- _Task brief_:
The response should contain all of the data below, reproduced exactly, and no pictures.

** Data below follows **

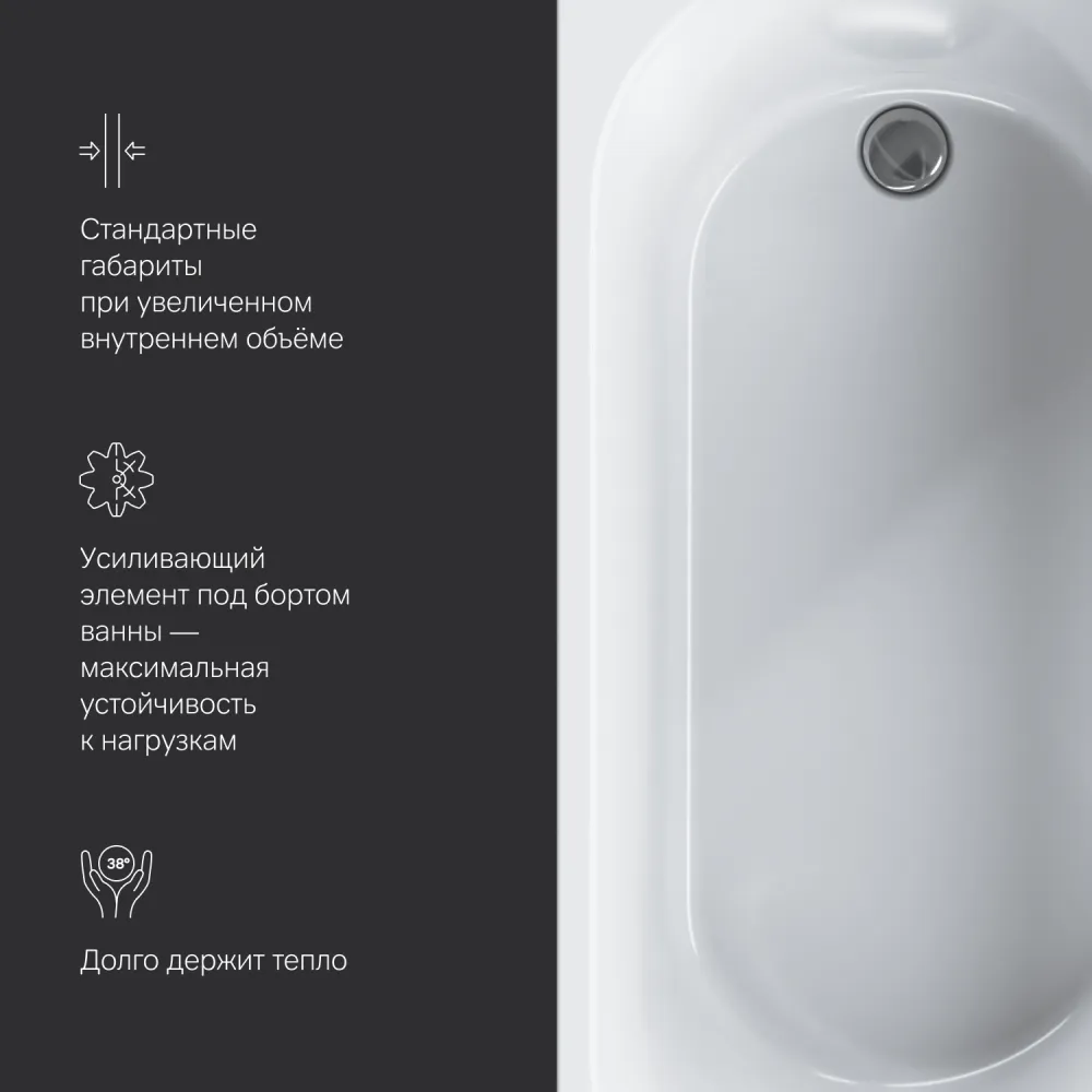 - Расположение перелива: стандартное сбоку
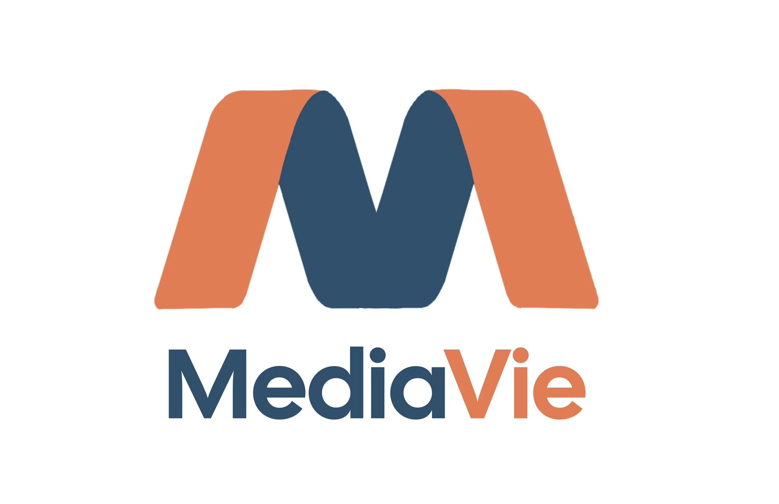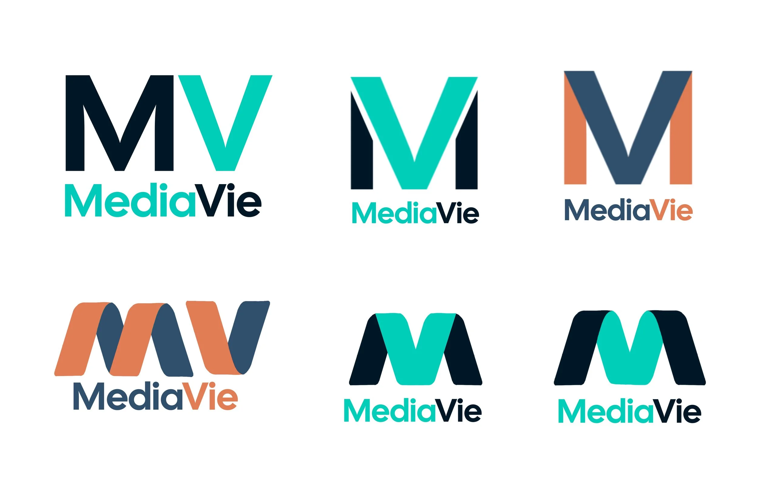 For this second set of logos, I went with the name “MediaVie”—with “Vie” meaning “life” in French. The idea was to represent the class as a space centered around all things media, almost like it has a life of its own. In this logo, and some versions (seen below), the “M” and “V” are merged into a single mark to emphasize the connection between media and life. I carefully chose the color palette to reflect the brand’s personality: orange for warmth and energy; blue for clarity and calm; teal for creativity and freshness; and a deep navy for elegance and modernity.
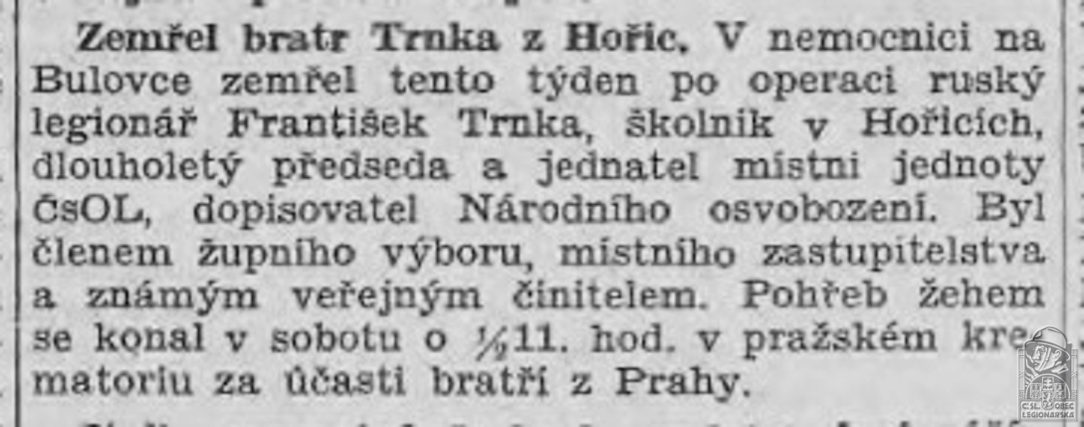 Legionářska organizace:ČsOL - Hořice (předseda; jednatel)
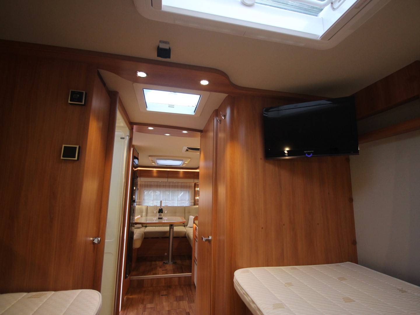 De DUO MOBIL heeft een bijzondere indeling; Voorin bevindt zich een neerlaatbaar hefbed, dat in een handomdraai door uittrekbare voetsteunen ook tot twee eenpersoonsbedden met een lengte van 2,06m omgevormd kan worden. Een dakluik van helder glas zorgt altijd voor frisse lucht. De uittrekbare trap met twee treden, waarmee u het multifunctionele hefbed gemakkelijk bereikt, biedt bovendien extra opbergruimte.

** End of Data below **

- _Your response_:
 - Расположение перелива: стандартное сбоку
 For this second set of logos, I went with the name “MediaVie”—with “Vie” meaning “life” in French. The idea was to represent the class as a space centered around all things media, almost like it has a life of its own. In this logo, and some versions (seen below), the “M” and “V” are merged into a single mark to emphasize the connection between media and life. I carefully chose the color palette to reflect the brand’s personality: orange for warmth and energy; blue for clarity and calm; teal for creativity and freshness; and a deep navy for elegance and modernity.
 Legionářska organizace:ČsOL - Hořice (předseda; jednatel)
 De DUO MOBIL heeft een bijzondere indeling; Voorin bevindt zich een neerlaatbaar hefbed, dat in een handomdraai door uittrekbare voetsteunen ook tot twee eenpersoonsbedden met een lengte van 2,06m omgevormd kan worden. Een dakluik van helder glas zorgt altijd voor frisse lucht. De uittrekbare trap met twee treden, waarmee u het multifunctionele hefbed gemakkelijk bereikt, biedt bovendien extra opbergruimte.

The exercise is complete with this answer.